Sun Sep 30, 2018, 06:33 PM
Sep 2018

I've never before witnessed such a blatant example of "privilege". Poor guy has affluenza, so of course he should get the job.

 

Hoyt

(54,770 posts)
2. LOL. Saw a slight variation-- "I never got hired after an interview where
Sun Sep 30, 2018, 06:33 PM
Sep 2018

I cried and talked about how much I loved beer.”

Initech

(100,059 posts)
7. I loved Michael Che's version:
Sun Sep 30, 2018, 07:00 PM
Sep 2018

"If you have to say how much you like beer in the interview, you're not qualified to sit on the Supreme Court. You're probably not even qualified enough to sit on the People's Court!"

violetpastille

(1,483 posts)
3. Bring your wife and kids.
Sun Sep 30, 2018, 06:40 PM
Sep 2018

And about 13 teenaged girls in short skirts to sit behind you. You know. To prove how not a perv you are.

magicarpet

(14,144 posts)
4. Don't forget,..
Sun Sep 30, 2018, 06:45 PM
Sep 2018

The odd facial contortions...
The incessant sniffling...
And the cocaine snots dripping out of your nose.
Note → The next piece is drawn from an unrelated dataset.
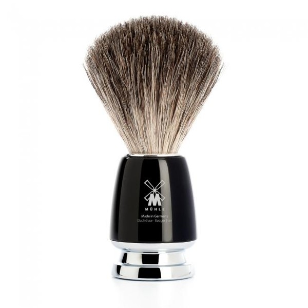 This shaving brush is made with pure badger hair, which provides a slightly stronger massage effect and is recognizable by its relatively dark coloring. The handle is made of high-grade resin, a high-quality synthetic material that is ideal for exclusive accessories and writing implements because it facilitates a broad spectrum of modern and classical designs in many attractive colors. The handle is also polished in several passes to give the surface its special gleam, lending the brush a pleasant feel and securing its beauty for many years to come. The brushhead is manufactured mechanically according to the same high standards which MÜHLE applies to all its products.

Never,.. ever ask your boss for a raise or a job promotion. Just go into your bosses office with a hickory baseball bat, beat them over the head, until they give you everything and exactly what you want or threaten a hostile take over of the entire business operation.

magicarpet

(14,144 posts)
8. DRINK ? That is so old prep school style of getting smashed.
Sun Sep 30, 2018, 07:07 PM
Sep 2018

My name is Brett Kav,... I don't drink beer,.. I only boof beers. Thank you very much !

BOOFING = deriving an alcoholic high by take a beer via anal enema. It is mentioned in Brett's year book.

Control-Z

(15,682 posts)
13. Is that true?
Sun Sep 30, 2018, 08:57 PM
Sep 2018

I believe Brett and his prep school buddies did it (or, at the very least, they tried it). But, what I'm asking is does it actually get one drunk? What exactly is the point of this practice?

Xipe Totec

(43,889 posts)
18. Letter of Recommendation for Brett Kavanaugh
Sun Sep 30, 2018, 09:33 PM
Sep 2018

Recycled, but I don't care.

To Whom It May Concern:

It is my pleasure to recommend Brett Kavanaugh for employment at your company. I have known Brett for nearly six years, and I can honestly say that I have not known any other Brett for nearly as long.
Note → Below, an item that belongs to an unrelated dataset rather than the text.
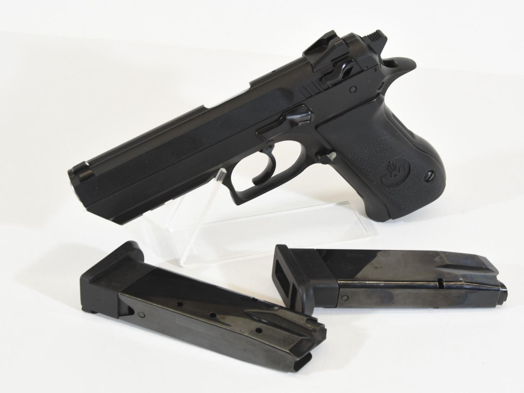 Restricted, semi-auto, 9mm Luger, 112mm barrel, SN 39327181. Metal has a few handling marks otherwise very good condition. Extra mag.

Brett was with our firm, Pendleton Tool & Die Co., for five and a half of those
years. His employment with us ended amicably and by mutual agreement between both parties and the United States Seventh District Court of Appeals. In fact, Brett was so dedicated that he stopped coming in each morning only when his desk was removed and the locks were changed. Every once in a while, I think I see his face behind the ventilation grille.

During his tenure with us, Brett held a number of positions reflecting his range
of talents and responsibilities: administrative assistant, assistant to the
administrator, assistant administrator's aide, administering assistant's
associate, and filing clerk. While it would be an exaggeration to say that he
performed all his duties, it would be entirely fair to say that he performed
them all equally well. In fact, there was a consistency and tone to Brett's job
performance which I have never before seen in a living employee -- call it a an
almost supernatural sense of calm. There were times when only a mirror held to
Brett's nostrils would reveal the fiery spirit and pulsing intellect within.
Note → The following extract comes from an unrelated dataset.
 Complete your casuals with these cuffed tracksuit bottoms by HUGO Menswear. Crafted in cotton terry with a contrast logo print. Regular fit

I credit Brett entirely for inspiring the recent overhaul of our human-resources
department's background-checking system. His knack for creative self expression,
by which he transformed a three-year stretch in a state reformatory into an
M.B.A. from Harvard, was a constant source of amusement.

While some people can be described as "all heart" or "all head", the best way to
describe Brett is "all hands". From a friendly pat on the behind to a pat of
butter on the chest, he touched his female colleagues in more ways than most of
them had even heard of.

He was close to his male co-workers too; in fact on several occasions it took a
stun gun to pry them apart. There were a few who had a hard time seeing Brett's
good-natured roughhousing in the proper light. But in my opinion he never
crossed that all-important line between first-degree manslaughter and
second-degree murder.

I envy the next company that adds Brett to it's payroll. Why? Because hiring Brett
is like getting a free law-school education. You may think you understand the
First Amendment, but I'll bet you had no idea that an employee has the
constitutional right to emit sudden, piercing shrieks and deafening bursts of
profanity near a fellow co-worker operating an industrial laser.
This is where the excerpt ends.